Restate, word for word, the lines from the opening line of the data through the line containing "Con il tavolino", both included, and nothing else.

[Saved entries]
- Opening Delimiter -

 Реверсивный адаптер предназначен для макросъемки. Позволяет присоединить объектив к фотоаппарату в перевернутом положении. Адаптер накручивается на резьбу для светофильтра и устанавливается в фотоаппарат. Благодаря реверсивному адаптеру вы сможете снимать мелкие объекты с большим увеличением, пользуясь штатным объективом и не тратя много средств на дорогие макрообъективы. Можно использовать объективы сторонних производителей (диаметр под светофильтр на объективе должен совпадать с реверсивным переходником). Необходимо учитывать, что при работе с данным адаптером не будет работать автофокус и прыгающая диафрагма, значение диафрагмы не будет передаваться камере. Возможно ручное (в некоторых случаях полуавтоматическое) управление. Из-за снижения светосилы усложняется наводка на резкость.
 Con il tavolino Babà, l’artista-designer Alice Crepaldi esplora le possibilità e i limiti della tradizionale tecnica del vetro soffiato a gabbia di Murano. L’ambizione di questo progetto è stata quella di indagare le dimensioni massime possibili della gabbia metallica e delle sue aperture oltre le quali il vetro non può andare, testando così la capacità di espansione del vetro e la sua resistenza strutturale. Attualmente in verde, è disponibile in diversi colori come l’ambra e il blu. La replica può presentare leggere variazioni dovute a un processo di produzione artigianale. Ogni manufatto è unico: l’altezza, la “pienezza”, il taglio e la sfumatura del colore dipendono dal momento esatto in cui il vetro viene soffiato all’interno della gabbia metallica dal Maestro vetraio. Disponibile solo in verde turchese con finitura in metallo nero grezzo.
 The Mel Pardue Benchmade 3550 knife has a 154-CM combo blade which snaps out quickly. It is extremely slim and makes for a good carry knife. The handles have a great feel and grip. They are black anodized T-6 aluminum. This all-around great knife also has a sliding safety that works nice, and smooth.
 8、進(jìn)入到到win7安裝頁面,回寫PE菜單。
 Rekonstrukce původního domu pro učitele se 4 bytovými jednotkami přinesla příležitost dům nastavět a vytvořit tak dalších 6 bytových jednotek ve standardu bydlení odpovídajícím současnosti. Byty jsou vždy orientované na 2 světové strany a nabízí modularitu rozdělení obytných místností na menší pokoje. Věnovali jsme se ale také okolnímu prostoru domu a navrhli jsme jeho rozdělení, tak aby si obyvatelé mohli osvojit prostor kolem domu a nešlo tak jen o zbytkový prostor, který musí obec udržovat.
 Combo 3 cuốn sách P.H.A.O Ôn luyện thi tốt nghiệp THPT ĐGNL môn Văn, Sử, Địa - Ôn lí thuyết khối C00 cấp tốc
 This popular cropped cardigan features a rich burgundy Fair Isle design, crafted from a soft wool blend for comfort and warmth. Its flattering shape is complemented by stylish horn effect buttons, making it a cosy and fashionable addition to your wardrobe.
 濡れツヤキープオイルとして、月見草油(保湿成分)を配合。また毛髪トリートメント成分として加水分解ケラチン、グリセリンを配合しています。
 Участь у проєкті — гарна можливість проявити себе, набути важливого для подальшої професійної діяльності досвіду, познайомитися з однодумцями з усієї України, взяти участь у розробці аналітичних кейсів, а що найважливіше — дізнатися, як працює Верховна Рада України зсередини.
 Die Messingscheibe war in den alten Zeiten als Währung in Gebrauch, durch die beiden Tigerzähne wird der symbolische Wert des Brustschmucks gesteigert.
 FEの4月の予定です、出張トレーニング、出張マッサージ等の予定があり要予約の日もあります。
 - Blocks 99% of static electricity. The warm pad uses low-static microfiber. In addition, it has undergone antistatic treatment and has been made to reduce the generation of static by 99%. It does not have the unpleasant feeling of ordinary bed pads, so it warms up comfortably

- Closing Delimiter -

◆ **Solution for this exercise**
 Реверсивный адаптер предназначен для макросъемки. Позволяет присоединить объектив к фотоаппарату в перевернутом положении. Адаптер накручивается на резьбу для светофильтра и устанавливается в фотоаппарат. Благодаря реверсивному адаптеру вы сможете снимать мелкие объекты с большим увеличением, пользуясь штатным объективом и не тратя много средств на дорогие макрообъективы. Можно использовать объективы сторонних производителей (диаметр под светофильтр на объективе должен совпадать с реверсивным переходником). Необходимо учитывать, что при работе с данным адаптером не будет работать автофокус и прыгающая диафрагма, значение диафрагмы не будет передаваться камере. Возможно ручное (в некоторых случаях полуавтоматическое) управление. Из-за снижения светосилы усложняется наводка на резкость.
 Con il tavolino Babà, l’artista-designer Alice Crepaldi esplora le possibilità e i limiti della tradizionale tecnica del vetro soffiato a gabbia di Murano. L’ambizione di questo progetto è stata quella di indagare le dimensioni massime possibili della gabbia metallica e delle sue aperture oltre le quali il vetro non può andare, testando così la capacità di espansione del vetro e la sua resistenza strutturale. Attualmente in verde, è disponibile in diversi colori come l’ambra e il blu. La replica può presentare leggere variazioni dovute a un processo di produzione artigianale. Ogni manufatto è unico: l’altezza, la “pienezza”, il taglio e la sfumatura del colore dipendono dal momento esatto in cui il vetro viene soffiato all’interno della gabbia metallica dal Maestro vetraio. Disponibile solo in verde turchese con finitura in metallo nero grezzo.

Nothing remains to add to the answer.